How Collective Health uses Delta Live Tables and Structured Streaming for Data Integration

Engineering


Collective Health is not an insurance company. We’re a technology company that’s fundamentally making health insurance work better for everyone— starting with the 155M+ Americans covered by their employer.

We’ve created a powerful, flexible infrastructure to simplify employer-led healthcare, and started a movement that prioritizes the human experience within health benefits. We’ve built smarter technology that’s easy to use, gives people an advocate in their health journey, and helps employers manage costs. It’s a platform that’s data-powered and human-empowered.

Our mission is to change the way people experience health benefits by making it effortless to understand, navigate, and pay for healthcare. By reducing the administrative lift of delivering health benefits, providing an intuitive member experience, and improving health outcomes, Collective Health guides employees toward healthier lives and companies toward healthier bottom lines.

One of the numerous offerings on our platform is Premier Partner Program™, built on the Databricks Lakehouse Platform. In this blog, we’ll cover how we’re making it easier to share data at scale with our partners.

Pipeline Overview

Here is our integration architecture at a high level, in this post we will focus on the Delta Live Tables portion.

Schema Definition

Before we begin with the ingest process we need to be explicit with our expectations from our partners. Since each partner might not have the capability of conforming to our internal schema we create a schema.
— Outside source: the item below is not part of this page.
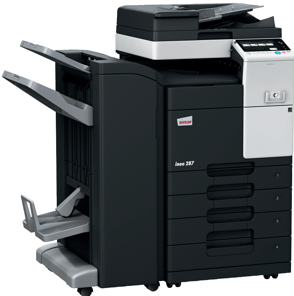
ineo 287 with document feeder (DF-628), staple/booklet finisher (FS-534SD), paper feeder (PC-213) and mount kit for local ID card authentication device (MK-735)

The monochrome devices features a variety of energy-saving functions that cut power consumption. Besides saving you money, these green features are also good for the environment – and your carbon footprint.

example_partner_schema = StructType(
  [
       StructField("Session ID", StringType(), True),
       StructField("Date of Session", DateType(), True),
       StructField("Date of Payment", DateType(), True),
       StructField("Amount", IntegerType(), True),
       StructField("Session Type", StringType(), True),
       StructField("Session Modality", StringType(), True),
       StructField("Member ID", StringType(), True),
       StructField("Member First Name", StringType(), True),
       StructField("Member Last Name", StringType(), True),
       StructField("Member Status", StringType(), True),
       StructField("Member Zip Code", StringType(), True),
       StructField("Member Date of Birth", DateType(), True),
       StructField("Member Gender", StringType(), True),
       StructField("Primary Member Employee ID", StringType(), True),
       StructField("sponsor", StringType(), True),
       StructField("file_name", StringType(), True),
       StructField("ingest_date", TimestampType(), True),
  ]
)

Ingest Files

One of the benefits of working with Apache Spark on Databricks is the ability to read multiple files from a cloud storage provider.
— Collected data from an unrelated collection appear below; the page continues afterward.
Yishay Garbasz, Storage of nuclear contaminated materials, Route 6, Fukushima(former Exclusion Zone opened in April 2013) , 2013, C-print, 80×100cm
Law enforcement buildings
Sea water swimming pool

We can read files into a PySpark DataFrame and save it into a delta table. We also included the ingest date and file name when ingesting the files that way we can revisit records should issues arise in the future.


df = (
spark.read.csv(f"s3://{s3_bucket_name}/{root_file_path}/{partner}/{date}/*.csv", header=True, schema=example_schema)
.withColumn("file_name", F.input_file_name())
.withColumn("ingest_date", F.current_timestamp())
)

df.write.format("delta").mode("append").saveAsTable(f"{partner}_utilization_data_bronze")
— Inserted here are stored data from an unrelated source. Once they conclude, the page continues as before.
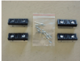
Rubber Foot Flat Pack of 4 with Mounting Brackets and Rivets for all StockMaster models prior to July 2008 Order Code 20SM-RFA00
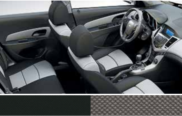
Jet Black/Medium Titanium-Colour Premium Cloth 1
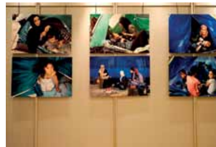
From the photographic exhibition of refugees (Dimitra Stasinopoulou).

The Section on Preventive Psychiatry of the WPA played a cardinal role in the congress.
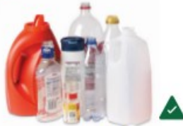
Plastic Bottles & Jugs #1, 2 & 5 ONLY Las botellas y jarras de plástico
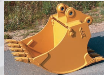
2-Way Bucket™ Patented
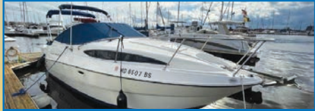
2003 Bayliner 2455 Ciera Sunbridge, Merc 5.0L. Alpha drive, extended swim platform, galley, head, Garmin nav and DF, t-tabs, shore power • $24,000

YACHT SERVICES & MANAGEMENT • CAPTAIN SERVICES • YACHT CHARTERS • YACHT SALES - USED BOATS FOR SALE -
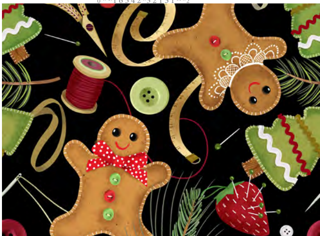
28908 J Sewing & Christmas Toss (6")

This process worked well, but as business requirements changed so did the schema, new requirements arose, and columns that previously contained data now contained null values. We explored several solutions including implementing custom logic to handle invalid records. Out of the box Delta Live Tables provides us with validation tools, pipeline visualization, and a simple programmatic interface to do this. We also want to ingest files incrementally without having to go through each file we had previously ingested.

Structured Streaming

We don’t want to constantly listen for new files since we are expecting new data at a given schedule so our pipeline only needs to run at particular times. We can ingest new incoming files as they come in a similar fashion to an event driven model without having to keep our compute resources running all the time, instead we use the Structured Streaming approach, for this we will use Databricks’ Auto Loader. Auto Loader creates a checkpoint file that keeps track of previously ingested files and records so we don’t have to. We will also be exposing the _rescued_data column to capture records that did not get parsed based on the specified schema.


df = (
spark.readStream.format("cloudFiles")
		.option("cloudFiles.format", "csv")
		.option("header", "true")
		.option("sep", "|")
		.option("rescuedDataColumn", "_rescued_data")
		.schema(schema)
	).load(file_path)
	 .withColumn("file_name", F.input_file_name())
	 .withColumn("ingest_date", F.current_timestamp())
  )

Delta Live Tables

Setting up a Delta Live Table (DLT) pipeline is pretty straight forward. You would go ahead and setup your existing dataframe as a table


import dlt

@dlt.table
def partner_utilization_data():
 df = (
      (
           spark.readStream.format("cloudFiles")
          .option("cloudFiles.format", "csv")
          .option("header", "true")
          .option("sep", "|")
          .option("rescuedDataColumn", "_rescued_data")
          .schema(schema)
      )
      .load(file_path)
      .withColumn("file_name", F.input_file_name())
      .withColumn("ingest_date", F.current_timestamp())
  )
return df

But before we go ahead and create the table we can validate that our records do not contain null values, for this we will refer back to the schema and identify required columns. We will use the @dlt.expect_all decorator to keep track of records that fail this validation, this will not drop the records or fail the pipeline but we can use this to keep track of occurrences of null value in the non-nullable columns.


import dlt

default_schema_rules = {}

for struct in schema:
if not struct.nullable:
   rules[f"{struct.column}_not_null"] = f"{struct.column} is NOT NUll"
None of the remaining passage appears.